Afaka is a defective script. Tone is phonemic but not written. Final consonants (the nasal [n]) are not written, but long vowels are, by adding a vowel letter. Prenasalized stops and voiced stops are written with the same letters, and syllables with the vowels [u] and [o] are seldom distinguished: The syllables [o]/[u], [po]/[pu], and [to]/[tu] have separate letters, but syllables starting with the consonants [b, d, dy, f, g, l, m, n, s, y] do not. Thus the Afaka rendition of Ndyuka could also be read as Dyoka. In four cases syllables with [e] and [i] are not distinguished (after the consonants [l, m, s, w]); a single letter is used for both [ba] and [pa], and another for both [u] and [ku]. Several consonants have only one glyph assigned to them. These are [ty], which only has a glyph for [tya]; [kw] (also [kp]), which only has [kwa ~ kpa]; [ny], which only has [nya] (though older records report that letter pulled double duty for [nyu]); and [dy], which only has [dyu/dyo]. There are no glyphs assigned specifically to the consonant [gw] ~ [gb]. The result of these conflations is that the only syllables for which there is no ambiguity (except for tone) are those beginning with the consonant [t].

There is a single punctuation mark, the pipe (), which corresponds to a comma or a period. Afaka initially used spaces between words, but not all writers have continued to do so.

Etymology
The origins of many of the letters are obscure, though several appear to be acrophonic rebuses, with many of these being symbols from Africa. Examples of rebuses include a curl with a dot in it representing a baby in the belly (in Ndyuka, a abi beli, lit. "she has belly", means "she's pregnant"), which stands for [be]; two hands outstretched to give (Ndyuka gi) stand for [gi]; iconic symbols for come (Ndyuka kon) and go to represent [ko] or [kon] and [go]; two linked circles for we stand for [wi], while [yu] is an inversion of [mi], corresponding to the pronouns you and me; letters like Roman numerals two and four are [tu] and [fo]. (which would be like writing "2 4get" for 'to forget' in English.) [ka] and [pi] are said to represent feces (Ndyuka kaka) and urine (pisi). A "+" sign stands for [ne] or [nen], from the word name (Ndyuka nen), derived from the practice of signing one's name with an X. The odd conflation of [u] and [ku] is due to the letter being a pair of hooks, which is uku in Ndyuka.
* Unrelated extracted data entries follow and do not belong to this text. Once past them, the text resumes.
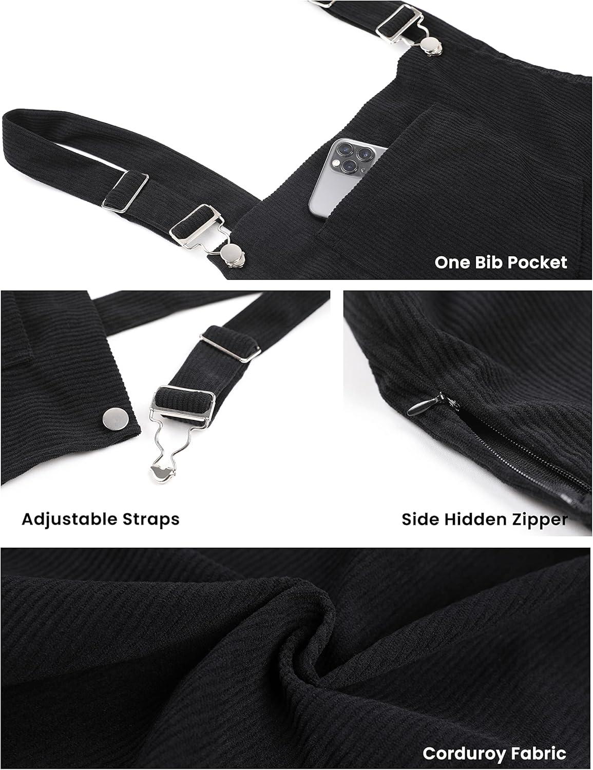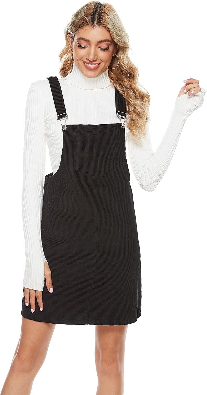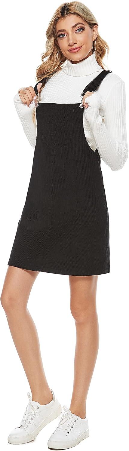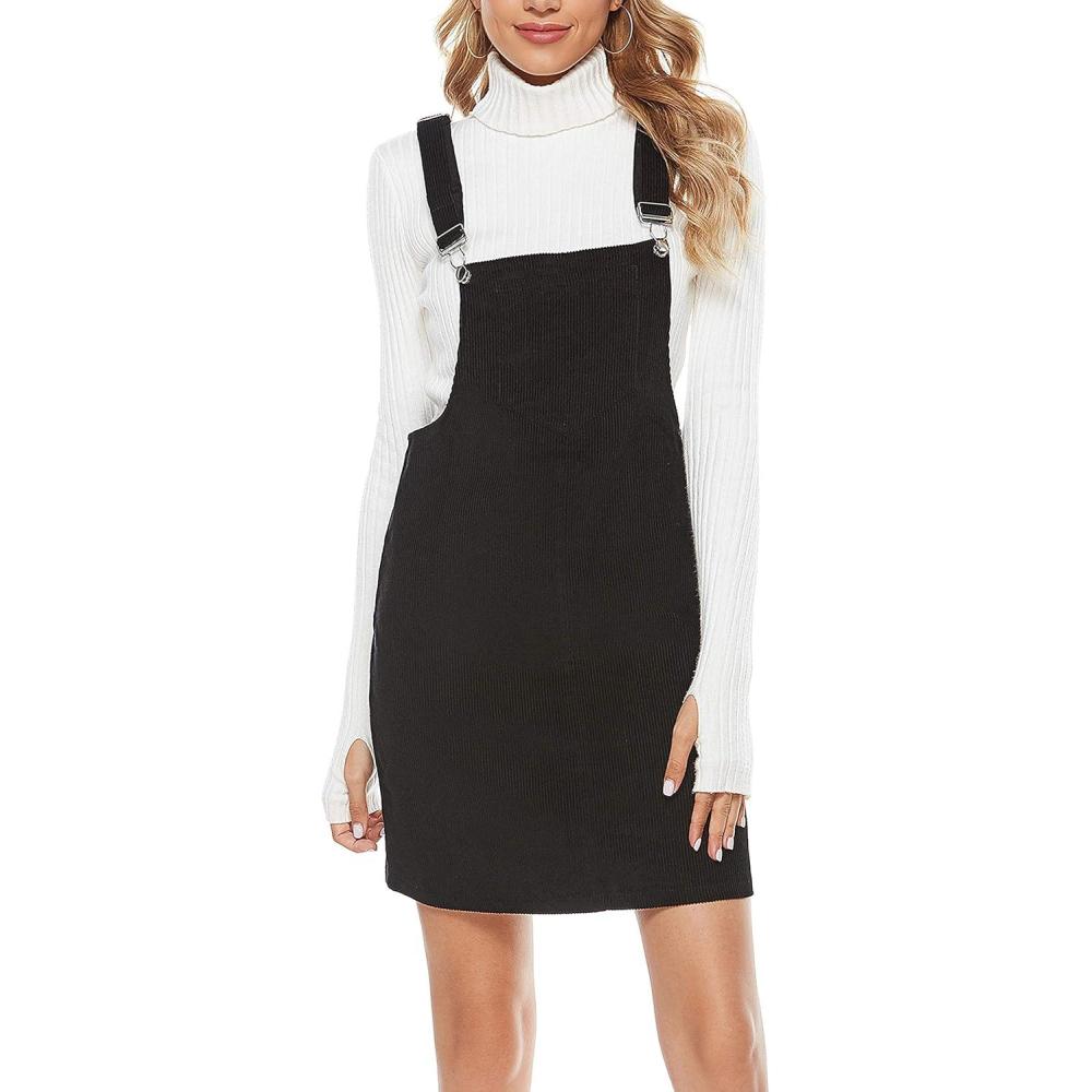 Tanming Women’s Corduroy A Line Cute Jumper Pinafore Bib Overall Mini Dress Skirt(Black)
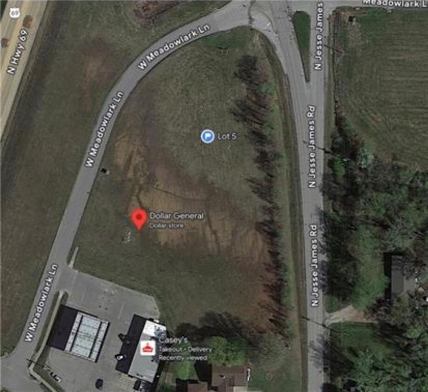From Excelsior Springs Hospital on Rainbow Blvd, cross Hwy 69 and the gently sloping pad site lot, Lot 5 of Jesse James Business Park, is the SW corner of the first intersection.
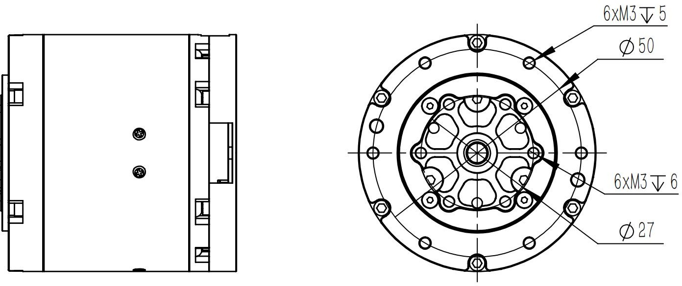 モーター取付穴のサイズと位置を参照し、対応する装置にモーターを取り付けてください。
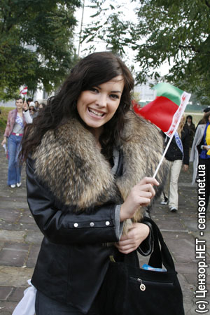На второй фотографии симпатичная девчонка с флажком Украины (рядом кажись молдаванка, хотя могу ошибиться...мать моя -женщина... далее без комментариев). Справа какая-то мохнорылая блондинка.
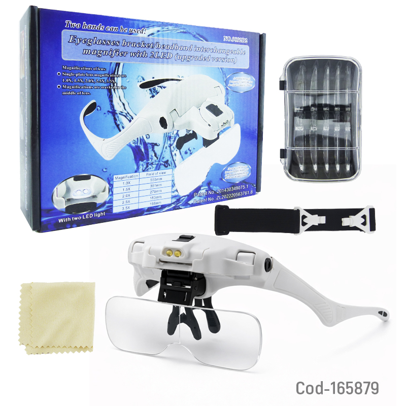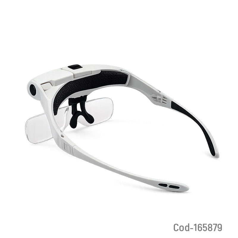 Lentes con lupas intercambiables de hasta 5 aumentos, tipo visera, ideales para trabajos de precisión. Funcionan a pilas y cuentan con 2 luces LED integradas. Pilas no incluidas. Producto presentado en caja.
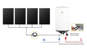 Met deze opzet maak je directe gebruik van de opgewekte zonne-stroom: alle energie gaat meteen in het verwarmen van het water.
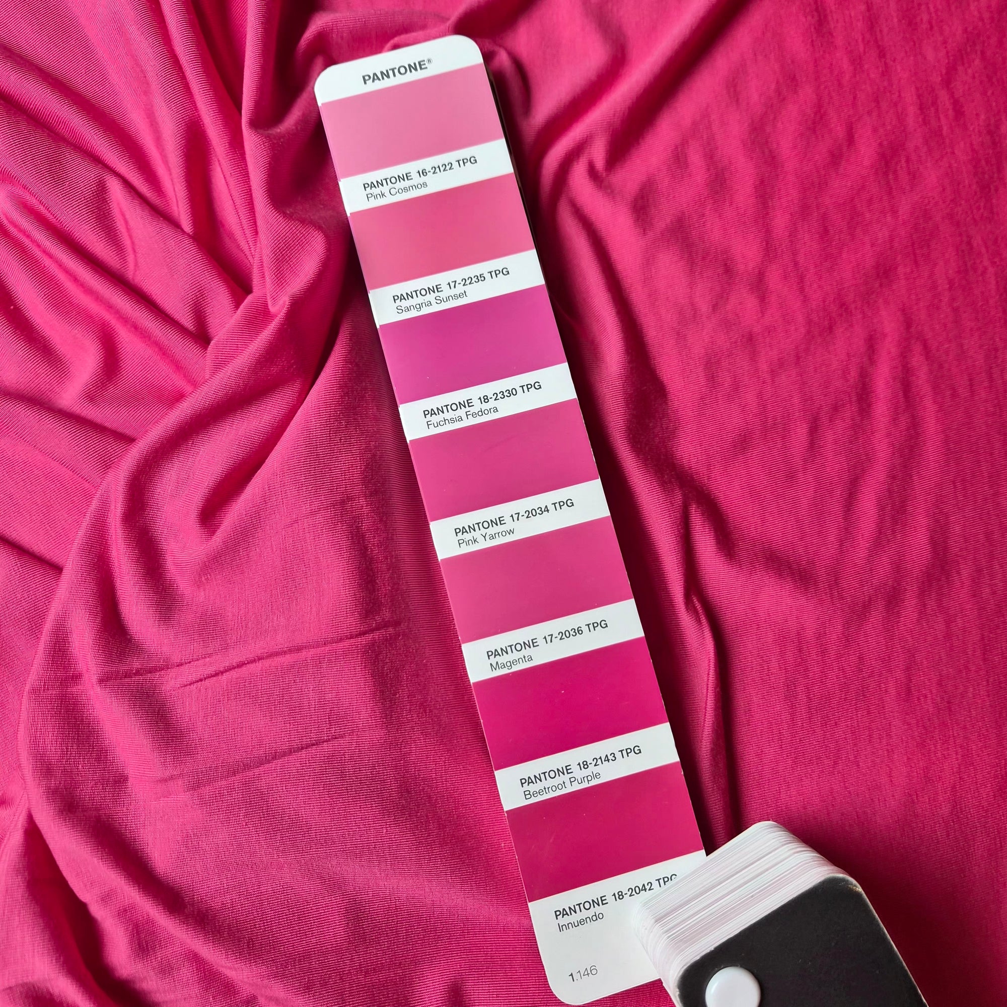 Meterware V#######o Designerstoff – Deadstock Jersey Basisfarbe Pink Cosmos | 160 cm | M1X5X10

The only letters which appear to correspond to the Latin alphabet are the vowels a, o, and maybe e, though o is justified as the shape of the mouth when pronouncing it.

Variants and syllabic order
Texts in Afaka's own hand show significant variation in the letters. A good number are rotated a quarter turn, and sometimes inverted as well; these are 
be, di, dyo, fi, ga, ge, ye, ni, nya, pu, se, so, te, and tu, 
while lo, ba/pa, and wa may be in mirror-image and sa, to may be simply inverted.
Others have curved vs angular variants: do, fa, ge, go, ko, and kwa. In yet others, the variants appear to reflect differences in stroke order.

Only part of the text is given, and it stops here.